Which is hardly to be wondered at, for — as he told an intrigued Commons last week — it was he, the Liberal Member for Truro, and Party spokesman on transport (and one or two other things) who had persuaded the Minister not to include any plans for a state take-over.

"It was not difficult," he admitted with disarming frankness. "I got the impression that if ever his Party should have a majority in the House it would have some difficulty in convincing him to produce such nationalisation plans."

It was impossible not to warm to such openness, especially when Mr Penhaligon forecast a moment later that, though the operation had not taken much effort on his part, he would try to take the credit for it when he was in his native Cornwall.

Peter Temple-Morris was soon on his feet, a sight which caused Mr Penhaligon to forget his earlier avowed intention of overcoming his Cornish modesty and learning to say "No" when a Member wanted him. to sit down and listen to an intervention.

With his legal experience taking him straight to the point, Mr Temple-Morris demanded to know one provision that had been put into (or not put into) the Bill due to the representations of the Liberal Party.

Mr Penhaligon observed that he had mentioned what had not been put in — and added that they would not be discussing a Bill which dealt so much with rural transport had it not been for the endeavours and pressures of his Party.

A reply which caused Tory Eldon Griffiths to remark that many of the clauses dealing with rural buses were the same as those in the 1973 Bill ... "that was before the Hon Gentleman was ever heard of."

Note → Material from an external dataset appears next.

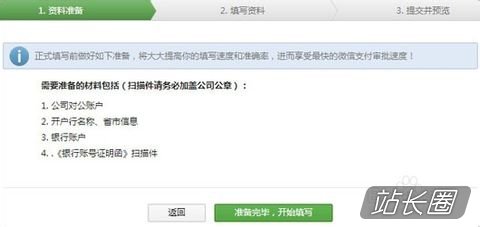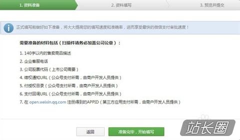 業(yè)務(wù)審核資料填寫二:根據(jù)提示步驟,提前準備好資料,點擊》=準備完畢,填寫資料。這里需要填寫,商戶負責人信息和商戶基本信息。
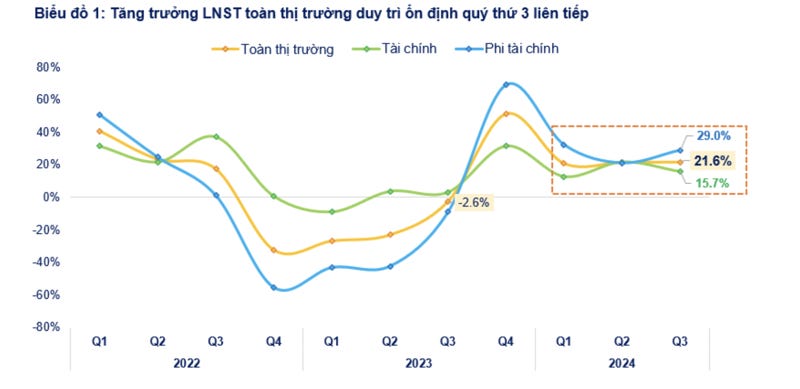 Tổng lợi nhuận sau thuế toàn thị trường trong quý 3/2024 tăng 21,6% so với cùng kỳ năm 2023, duy trì tốc độ ổn định so với 2 quý trước đó tăng 20,7% so với cùng kỳ trong quý 1 và tăng 21,4% trong quý 2.

A little harsh. After all it was not Mr Perthaligon's fault that he was not born until D-Day, and anyway by 1973 he was a longserving member of the Liberal Party Council, and had contested Totnes.

Not that a good Liberal is put down that easily, especially when he can call on the GOM to help him.

Mr Gladstone had a Bill to that effect in 1872, but it did not reach the statute book replied Mr Penhaligon.

There's no answer to that!

But what a pity it was that he let slip that he had not read all the Bill (the 1978 Bill that is). George Younger, who wound up for the Tories had great ftin with that.